_Data extracted from a collection_:
========================
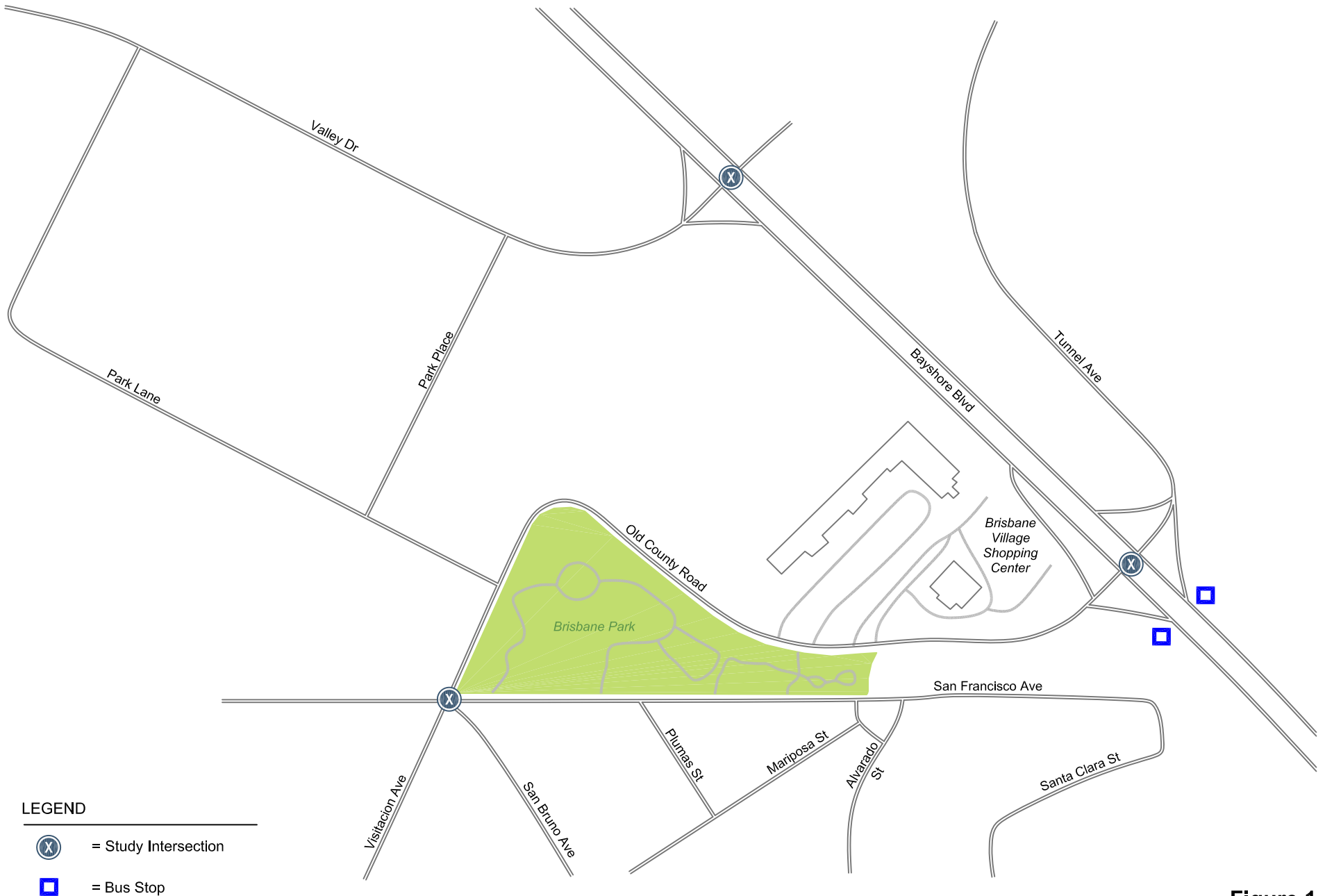
Figure 1 Study Area
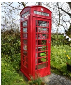
The Scone Box, a lovely little cake shop at EwORTHY near Germansweek.

The phone kiosk near the Church is a listed building, a K2 kiosk designed by Giles Gilbert Scott in the 1920s; although listed it is nevertheless possible the telephone could be removed from the kiosk, but it is not mentioned on the BT consultation list.
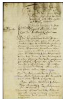
Order to the towns on the east end of Long Island to nominate magistrates; appointment of magistrates for Staten Island
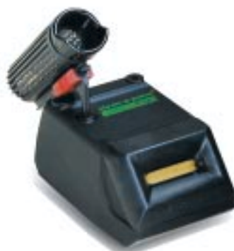
clean-o-point® (stop + go) Motorised tip cleaner with iron holder, stop+go switch and sponges. Ready for mains connection.
========================
From the line containing "The phone kiosk" down to the last line of the entries above, retype each line exactly as it stands, but skip the pictures.

_TASK SOLUTION_:
The phone kiosk near the Church is a listed building, a K2 kiosk designed by Giles Gilbert Scott in the 1920s; although listed it is nevertheless possible the telephone could be removed from the kiosk, but it is not mentioned on the BT consultation list.
Order to the towns on the east end of Long Island to nominate magistrates; appointment of magistrates for Staten Island
clean-o-point® (stop + go) Motorised tip cleaner with iron holder, stop+go switch and sponges. Ready for mains connection.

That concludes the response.